Как бы то ни было, зарплату потихоньку стали платить, потом даже понемножку прибавлять. Теперь дерево стояло в ожидании, что ему делать: загнуться окончательно, чтобы дальше не мучиться, или подождать, вдруг наступят и лучшие времена.

Тина к дереву не подходила. Пусть делают, что хотят, – их комната, их растения. Ее детищем была пальма, стоявшая в торце коридора. Отделению не полагалось кресел в холле для свиданий с больными (да не было и самих свиданий), поэтому коридор, застеленный старым зеленым линолеумом в желтую клеточку, был абсолютно пуст; там не было ничего, кроме пары медицинских каталок да стеклянных дверей, замазанных доверху белой краской. И огромная пальма в старинной деревянной кадке с раскидистыми веерообразными листьями стала единственным его украшением. Тина иногда задумывалась, почему она так трепетно относится к тем немногим растениям, что ее окружают на работе, – тополю, клену за окнами да еще вот пальме. В юности никакого пристрастия к садоводству она не испытывала. Но если день и ночь, раздумывала она, находиться на пороге страны мертвых и ощущать, как, по сути, непрочно то, что называется жизнью, поневоле будешь тянуться к чему-то более устойчивому, земному. А что могло быть для Тины, большую часть жизни проводившей среди холодного кафеля палат, белых стен своего кабинета и пустого больничного коридора, более жизнеутверждающим и земным, чем эти скромные растения? Она с ними сроднилась.
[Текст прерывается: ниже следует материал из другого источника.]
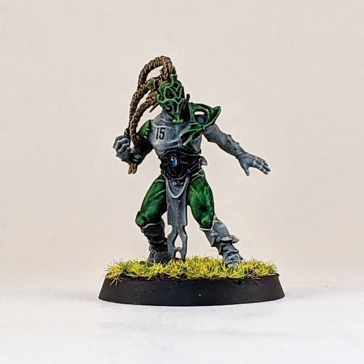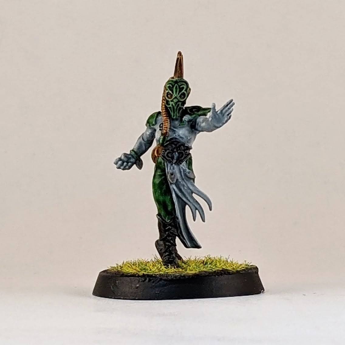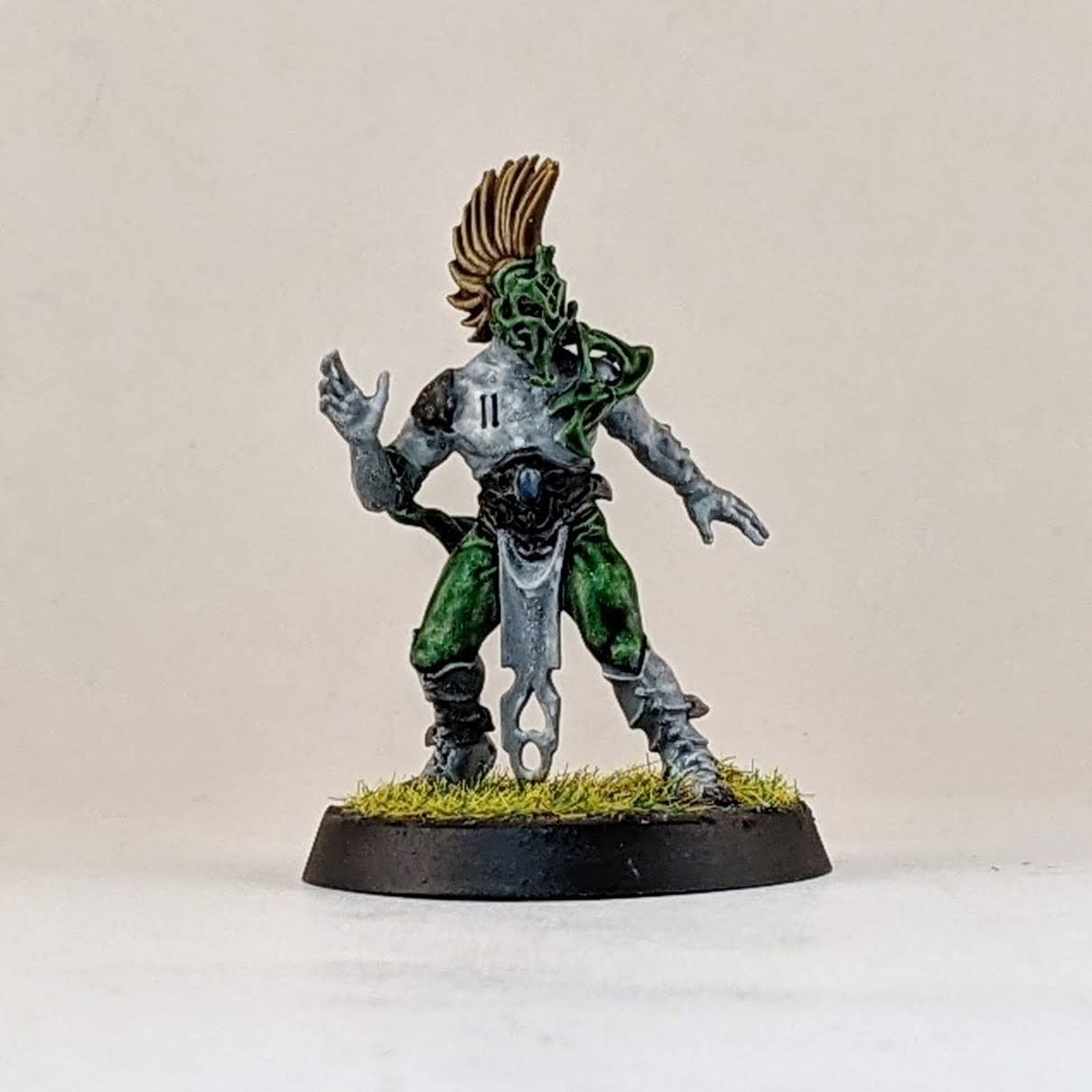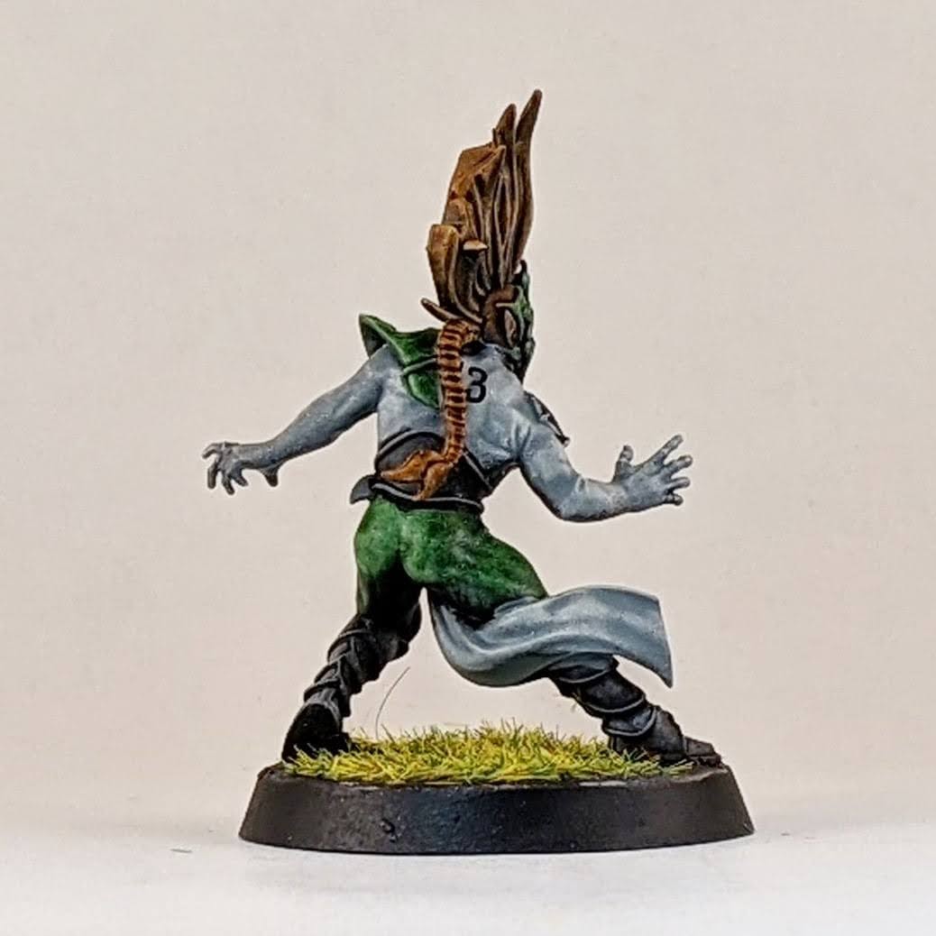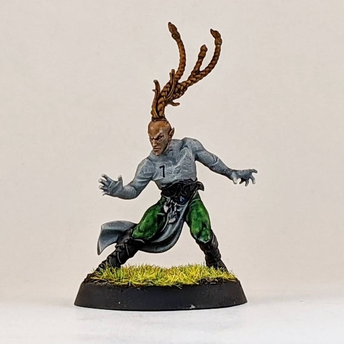 I’m not sure I’ll ever take four catchers on a wood elf roster, but I figured I may as well have the option. I decided to split a box of Athelorn Avengers with Mr. White giving me one catcher and options to convert a lineman into a catcher. The key difference between the catchers and linemen are their lack of shoulder pads, big belt buckle and their gloves. I selected the lineman body with the most catching pose and shaved off his little under shoulder pads and the connection points for the big shoulder pad. The belt buckle isn’t the same and he doesn’t have the gloves, but I hope it’s enough to distinguish him from the similarly posed linemen. It probably won’t ever be an issue as I stated above, using all four catchers at once is highly unlikely for me. I also used one of the catcher heads on the lineman body to help him stand out. And for the standard catcher pose, to avoid duplicate models with the other catchers, I used a spare wardancer head.

Поливала пальму Тина сама и ревностно проверяла, проводя пальцем, стерли ли пыль с гофрированных пальмовых вееров. Стирать пыль полагалось во время генеральной уборки коридора, раз в неделю. В августе в отделении появилась Мышка и без лишнего шума, так же, как делала все остальное, взяла на себя заботу о местной флоре. Обезьянье дерево она опрыскивала из специального пульверизатора для глажения белья, а в кадушку к пальме насыпала свежей земли из пакетика и подсадила несколько веточек традесканции. Тину Мышка уверила, что вреда пальме не будет.